The task
Write out the lines below exactly, beginning at the one with "Carte postale, en" and stopping after the one with "Наруто цветными карандашами"; the pictures are not copied.

Exercise data
■ ■ ■

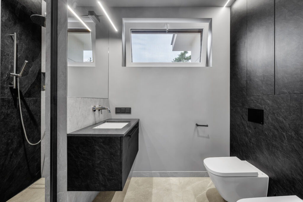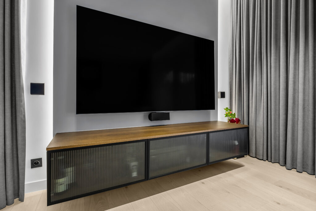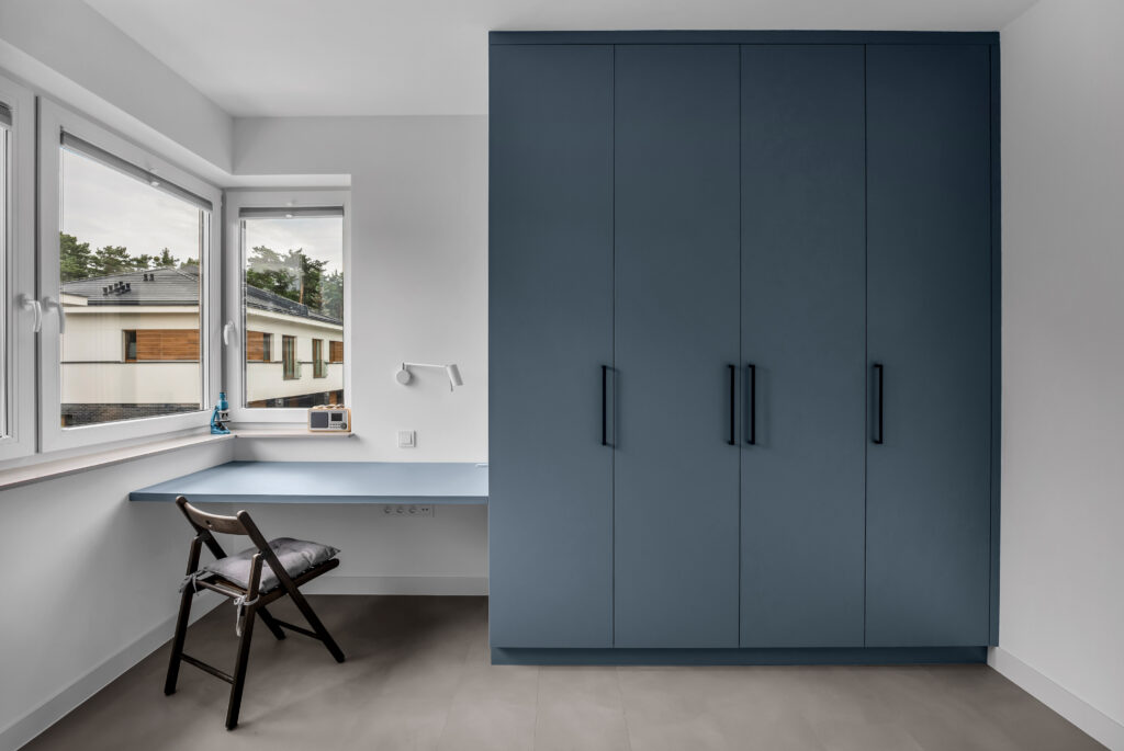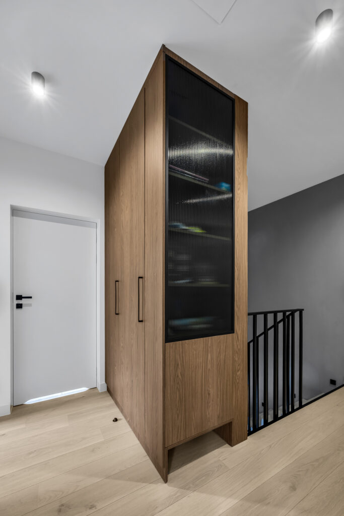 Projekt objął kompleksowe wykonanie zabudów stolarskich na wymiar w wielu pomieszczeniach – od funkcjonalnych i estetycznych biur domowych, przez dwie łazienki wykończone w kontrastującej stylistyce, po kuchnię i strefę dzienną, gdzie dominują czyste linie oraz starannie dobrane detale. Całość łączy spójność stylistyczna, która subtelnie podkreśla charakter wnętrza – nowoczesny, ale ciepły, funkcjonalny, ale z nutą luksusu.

■ ■ ■

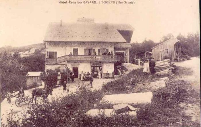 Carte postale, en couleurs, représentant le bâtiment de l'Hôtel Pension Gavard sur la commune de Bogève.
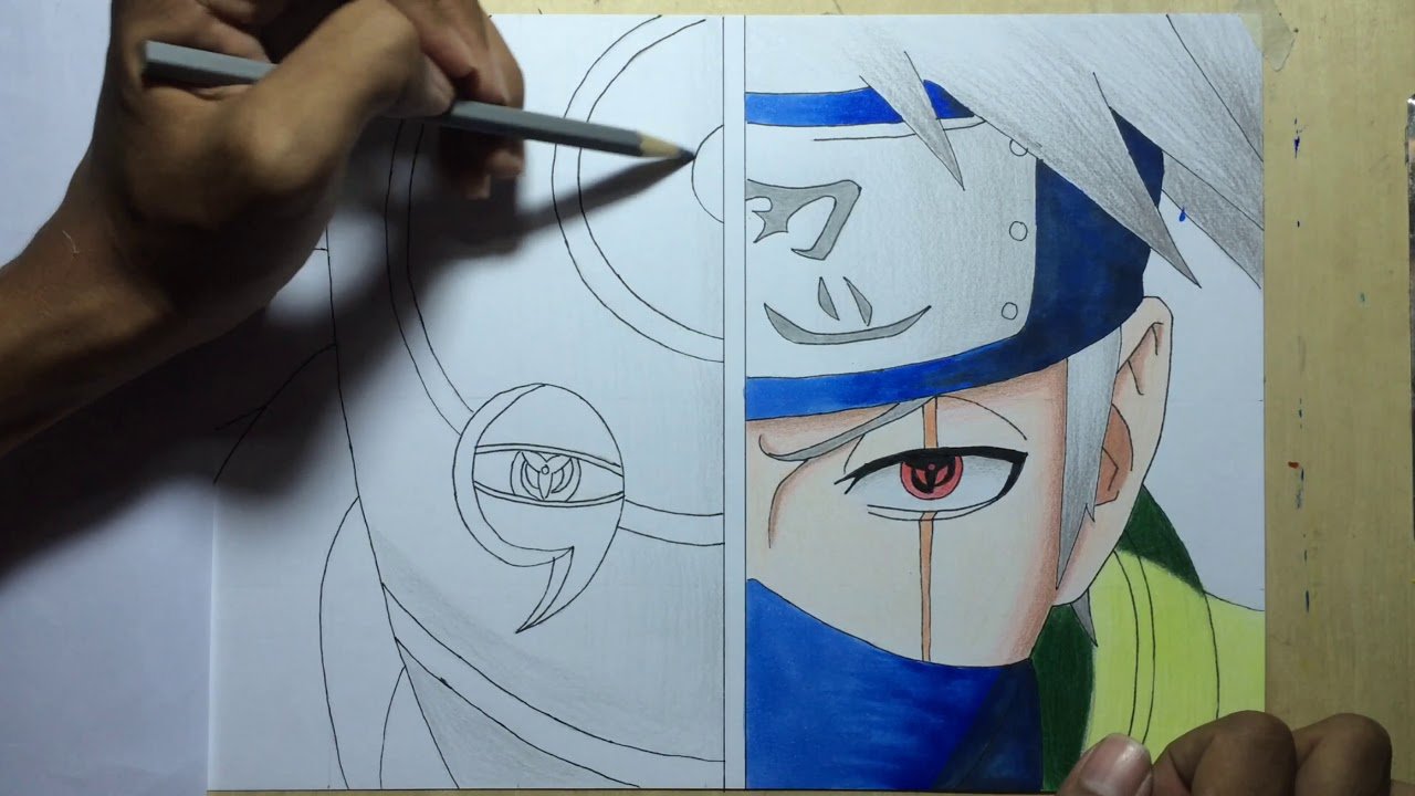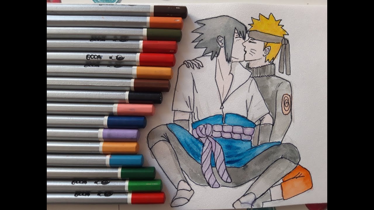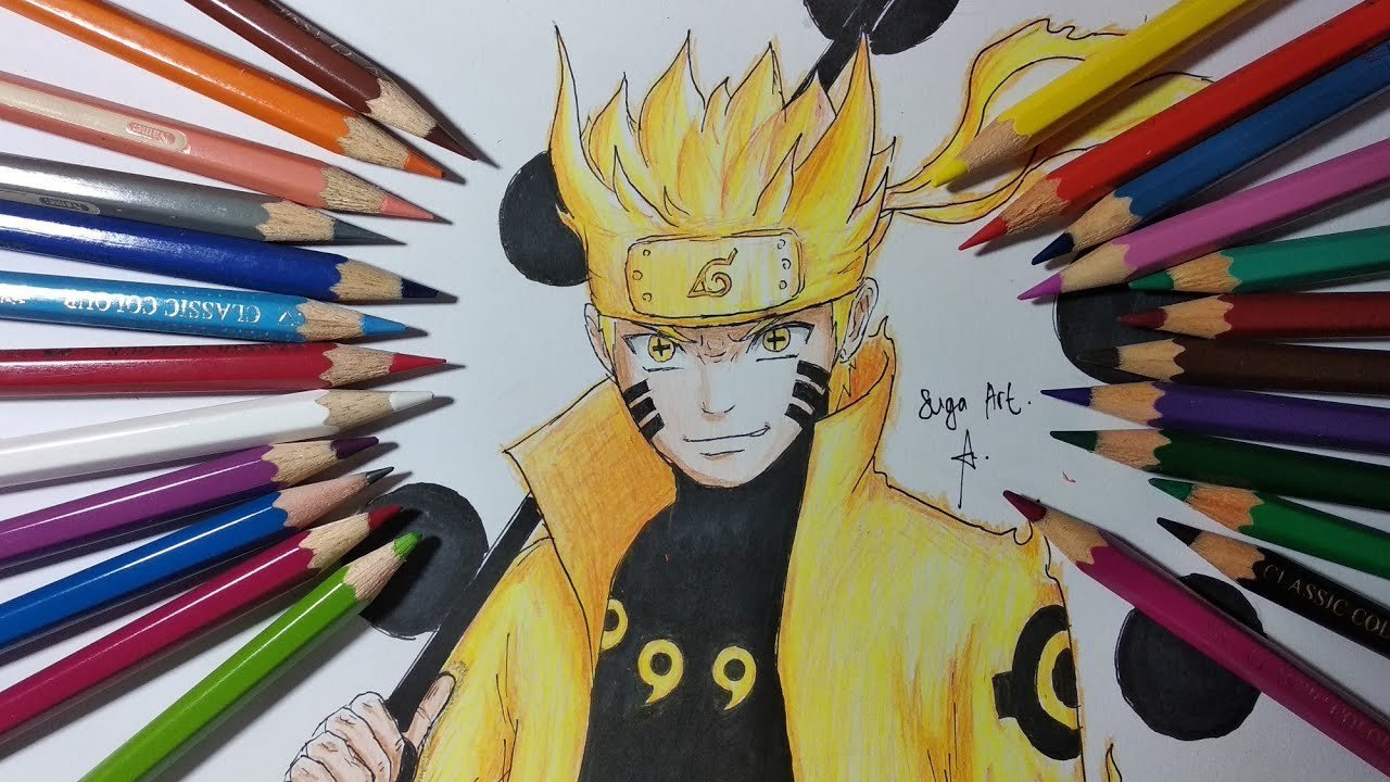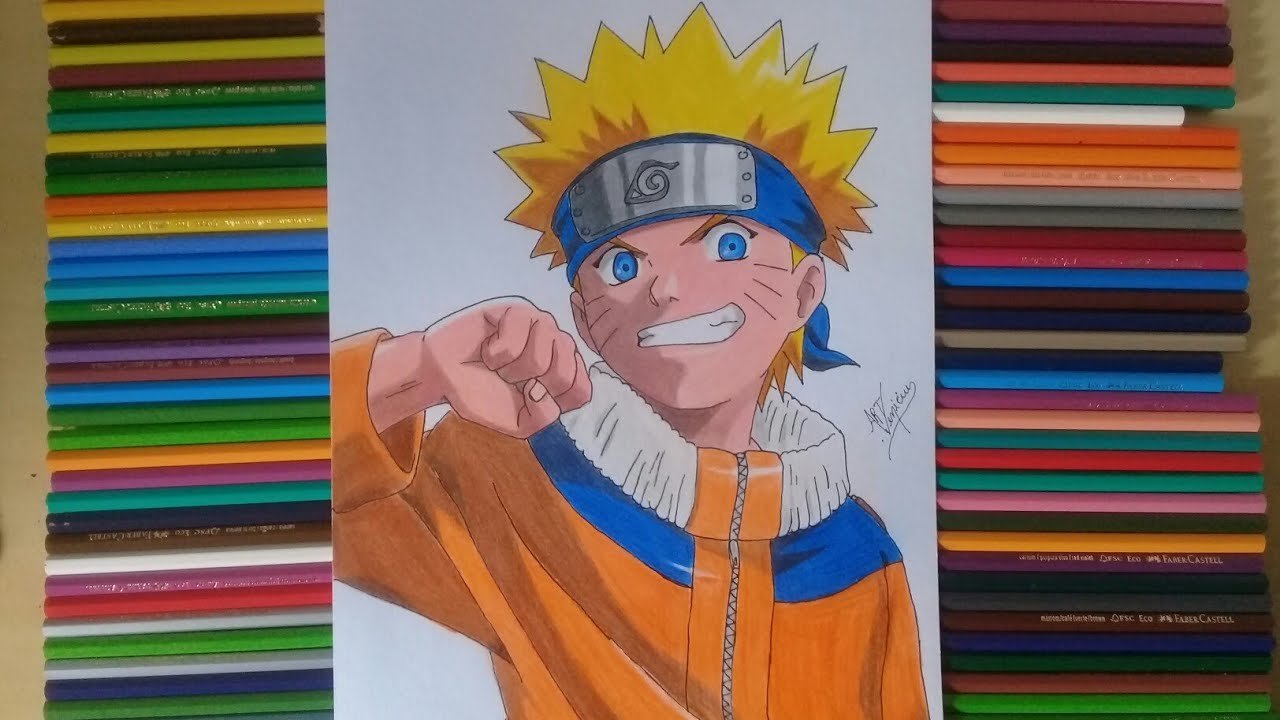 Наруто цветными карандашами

■ ■ ■

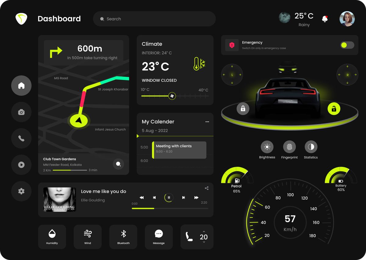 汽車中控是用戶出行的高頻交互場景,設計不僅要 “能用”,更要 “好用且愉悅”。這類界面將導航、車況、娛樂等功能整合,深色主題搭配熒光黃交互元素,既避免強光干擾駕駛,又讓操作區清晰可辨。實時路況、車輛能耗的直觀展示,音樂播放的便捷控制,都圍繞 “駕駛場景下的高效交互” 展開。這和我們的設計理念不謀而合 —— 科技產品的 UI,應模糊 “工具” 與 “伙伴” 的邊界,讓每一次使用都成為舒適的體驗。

■ ■ ■

Your solution
 Carte postale, en couleurs, représentant le bâtiment de l'Hôtel Pension Gavard sur la commune de Bogève.
 Наруто цветными карандашами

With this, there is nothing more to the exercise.